The best years

As children, we often assume our parents have the answers because they have lived longer. Then, without realising it, we begin to think that age itself is something to fear. My father quietly dismantled that illusion in a single sentence.

My father was not a man of many words.

As a veteran, he carried wounds though he never revealed. Whether it was the war, the generation he belonged to, or simply his nature, conversation rarely came easily to him. We didn’t talk often, but when he did speak, his words were never wasted. They had been considered before they were spoken.

One conversation has stayed with me for more than forty years.
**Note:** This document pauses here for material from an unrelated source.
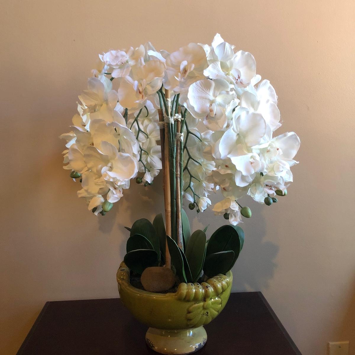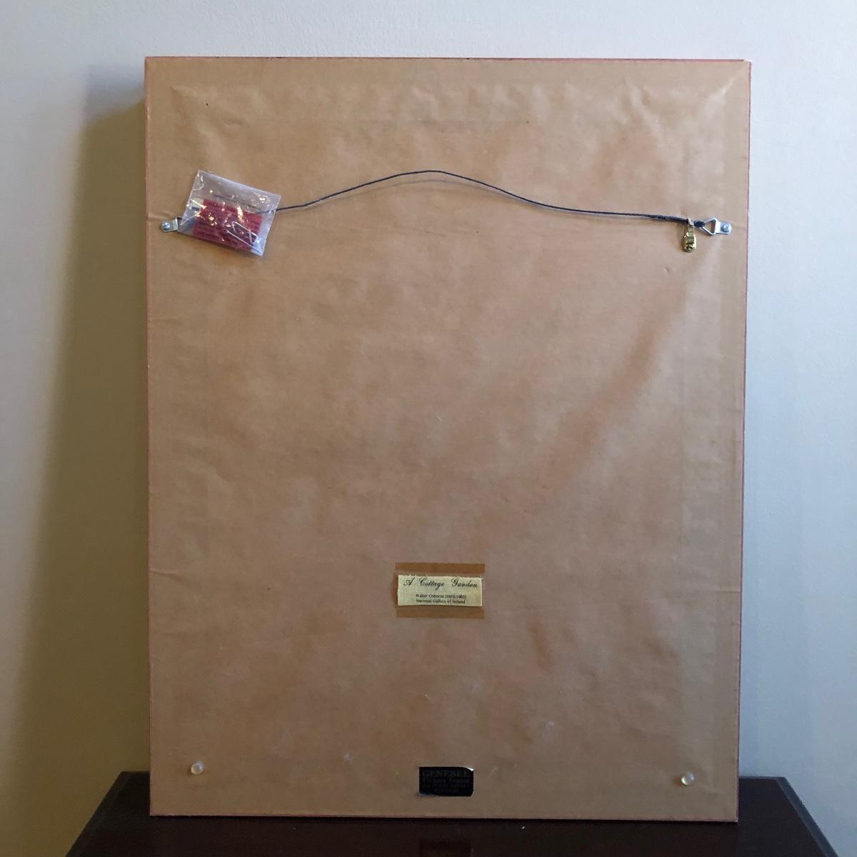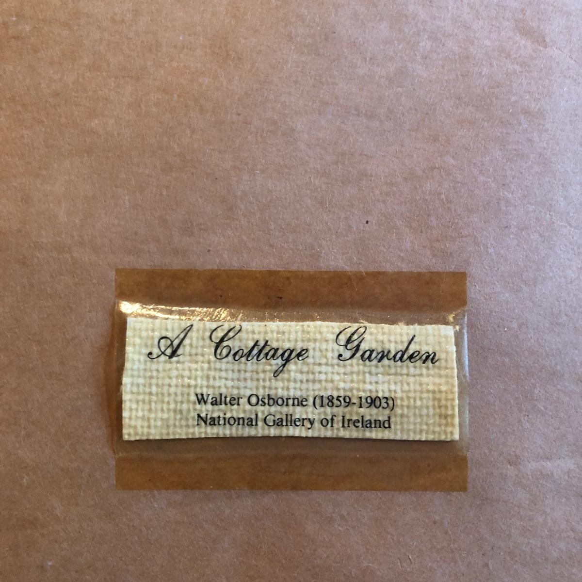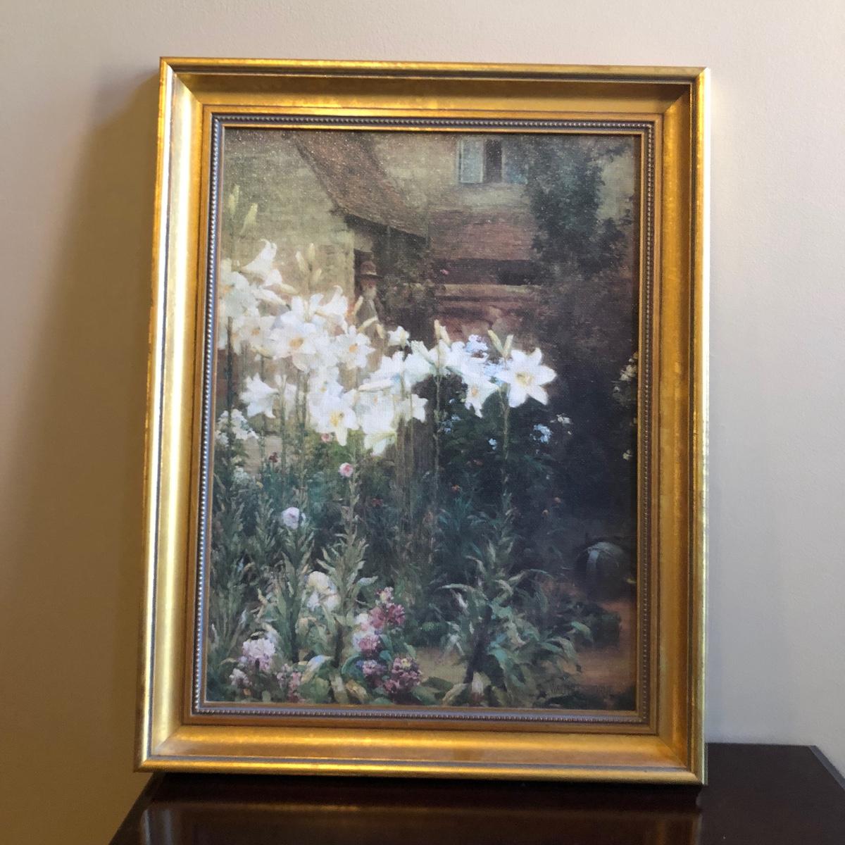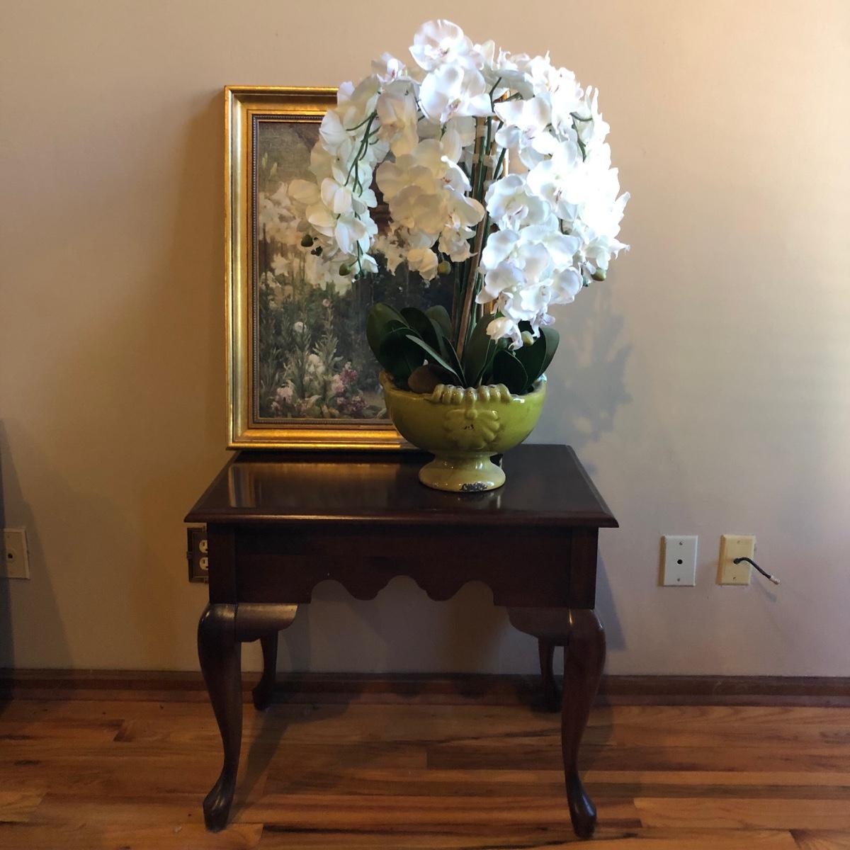Lot includes wooden side table with one dovetailed drawer, faux orchids in a ceramic pot and a framed print by Walter Osborne titled” A Cottage Garden”. Table measures 18” x 27” x 24” and frame measures 21.5” x 27.5”.

It was my thirtieth birthday. Family and friends had gathered for a barbecue. There was laughter, good food, and all the ingredients of a happy celebration. Yet something weighed on me. I couldn’t fully enjoy the day because I had convinced myself that I had crossed some invisible line.

Thirty.

To me, it wasn’t the beginning of a new decade. It was the beginning of the end.

After everyone had gone home, Dad noticed something wasn’t right.
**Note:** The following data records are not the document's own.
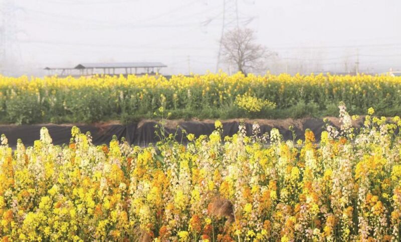 春到蔡城塘,古水利工程之畔,五彩油菜花绚烂绽放。金黄、粉白错落交织,与清澈的水面相映成趣。这里不仅鱼肥水美,更绘就了一幅生态优先、景色宜人的春日画卷。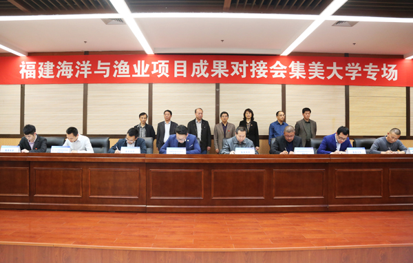 福建省海洋与渔业局征集了福建省企业技术需求,我校发动校内各科研平台及机构等提出合作项目、科技成果和意向性合作单位,共促成福建金荣达水产发展有限公司、福建天马科技集团股份有限公司、福建省万利鸿海珍品有限公司等企业代表在会上与我校食品与生物工程学院、水产学院、轮机工程学院等签约,共签约16个项目。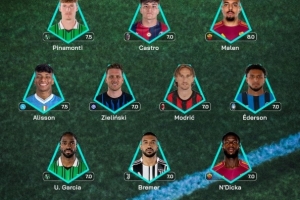 意甲第25轮最佳阵:奥代罗(克雷莫内塞);乌利塞斯·加西亚(萨索洛)、布雷默(尤文)、恩迪卡(罗马);阿利森·桑托斯(那不勒斯)、泽林斯基(国米)、莫德里奇(米兰)、埃德森(亚特兰大);皮纳蒙蒂(萨索洛)、卡斯特罗(博洛尼亚)、马伦(罗马)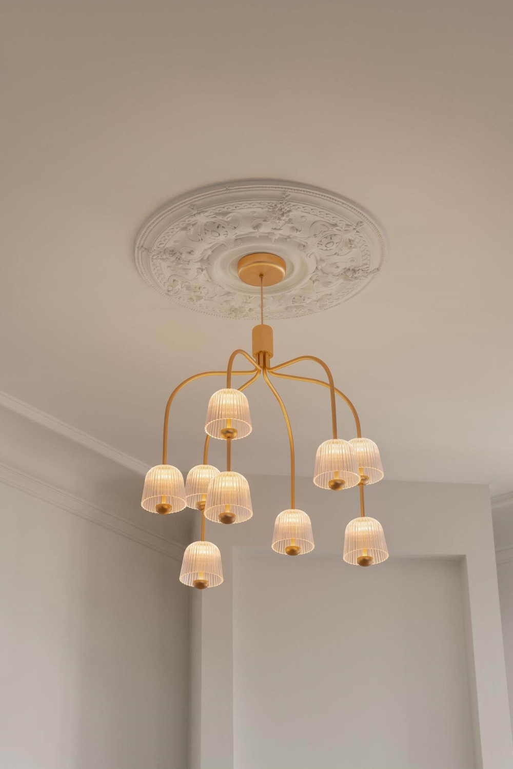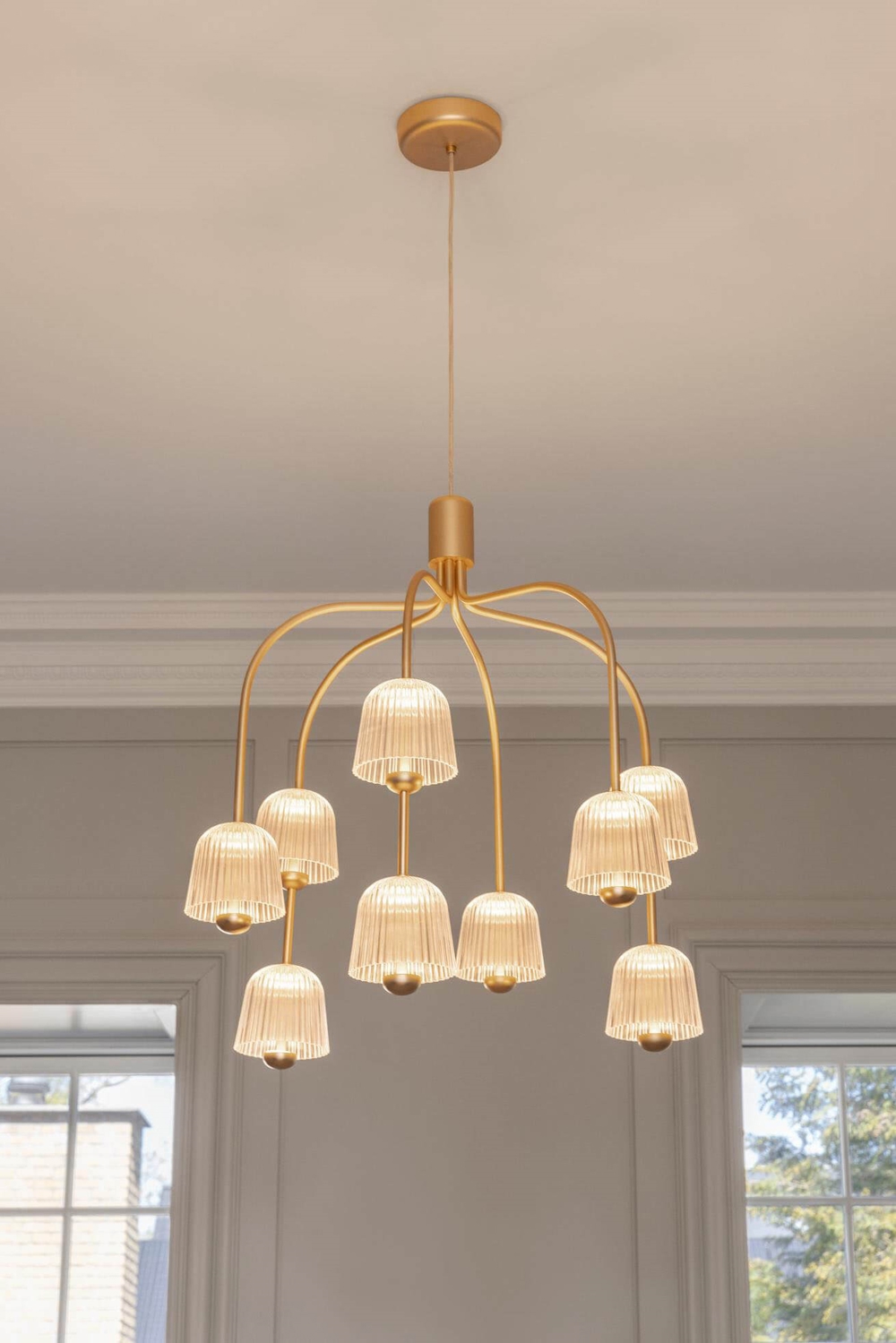 Der Kronleuchter Asteea 9 mit Satin Messing Finish und klaren Acrylschirmen hat eine einzigartige Konstruktion mit zwei der glockenförmigen Schirme an jedem zweiten Arm. Das elegante Design hat eine Leichtigkeit im Ausdruck und sorgt für eine weiche und blendfreie Beleuchtung mit einem lebendigen Spiel zwischen Licht und Schatten von den geriffelten Schirmen.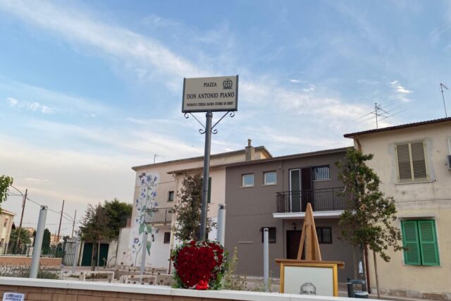 In viale Po, angolo via Belvedere, è stata inaugurata la piazza dedicata a Don Antonio Piano, alla presenza del Sindaco, dell’Amministrazione Comunale, del parroco Don Vito Martinelli, del Comitato Cittadino e dell’Arcivescovo Monsignor Leonardo D’Ascienzo.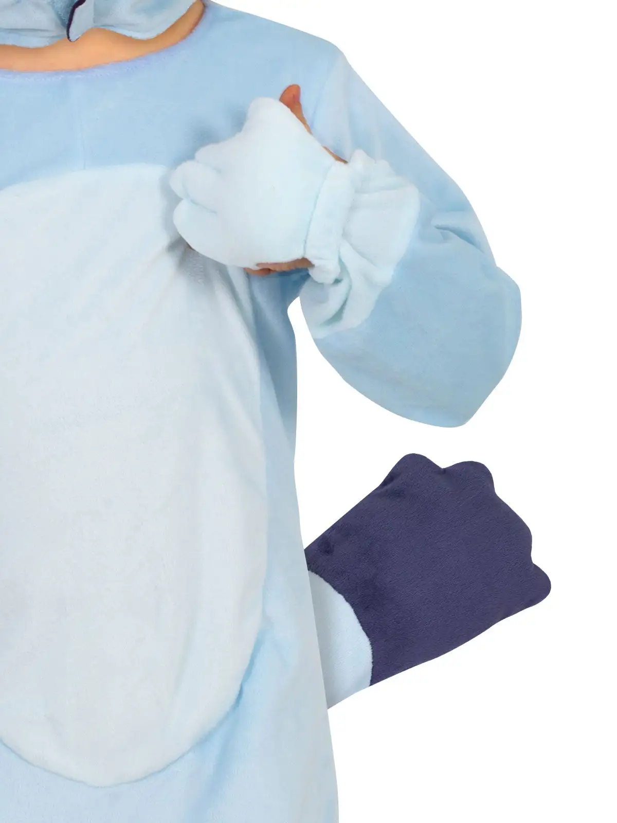 - Premium velour jumpsuit with padded ‘paws’ which sit over hands with elastic straps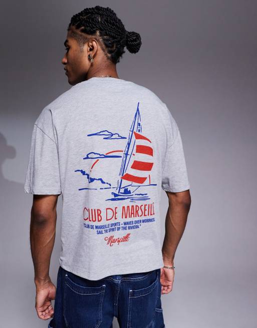 ASOS DESIGN boxy oversized t-shirt with summer graphic in grey marl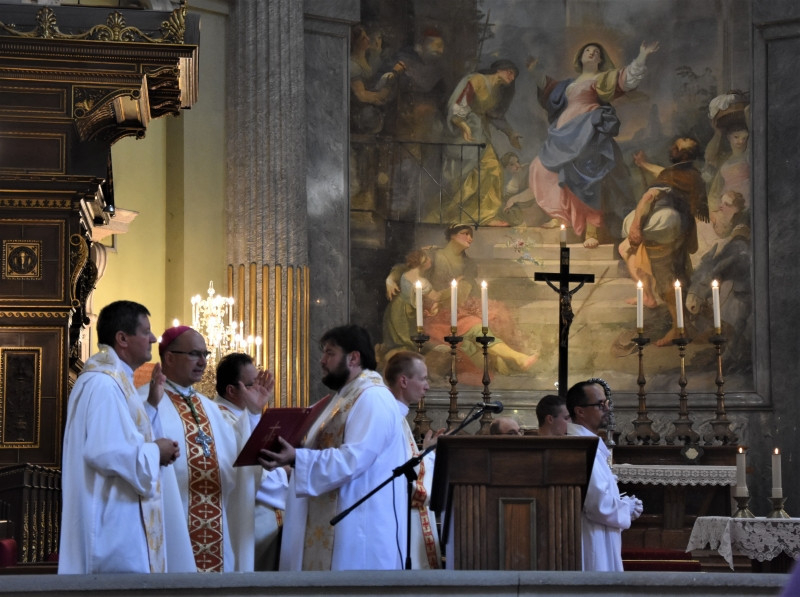 A főpásztor szentbeszédében megemlékezett a Szent István király által alapított közel ezeréves váci püspökségről; a Géza királynak köszönhető első székesegyházról, amelyet a tatárjárás pusztított el; a Báthori Miklós püspök építette püspöki templomról, melyet a törökdúlás rombolt le, majd a jelenlegi katedrálisról, amely gróf Migazzi Kristóf váci püspök, bécsi herceg érsek műve.

“You looked bothered. Is there a problem?” he asked.

What came out of my mouth now sounds absurd, though at the time it was completely genuine.

“I’m thirty,” I sighed. “That’s it. Life’s almost over. It’s all downhill from here.”

He looked at me with an expression somewhere between disbelief and amusement.

“You’re worried about turning thirty? I just turned seventy-four, yet I believe the best years of my life still lay ahead of me.”

I said nothing.

What could I say?

In a single sentence, he had dismantled everything I thought I knew about growing older.

That was all.

No lecture.

No psychology.

No attempt to persuade me.

Just one sentence.

And in that moment I realised something that has taken me a lifetime to fully appreciate: youth and hope are not the same thing.

When we are young, we often measure life by what has passed. Every birthday feels like something has been taken from us. Another year gone. Another door quietly closing.

Yet older people who have truly lived often see time differently. They know that tomorrow is not merely a continuation of yesterday. It is another opportunity to learn, to love, to laugh, to forgive, to create, to discover and to become.

The future belongs just as much to the seventy-year-old as it does to the seventeen-year-old. The only difference is that one has learned not to waste it.

Looking back now, I wonder whether Dad was really talking about age at all.

Perhaps he was talking about attitude.

There are people in their twenties who have already surrendered to life. They have decided that nothing will surprise them, nothing will inspire them, and nothing will change.

And there are people in their seventies, eighties and nineties who wake each morning curious about what the day might bring.

Chronology measures how long we have lived.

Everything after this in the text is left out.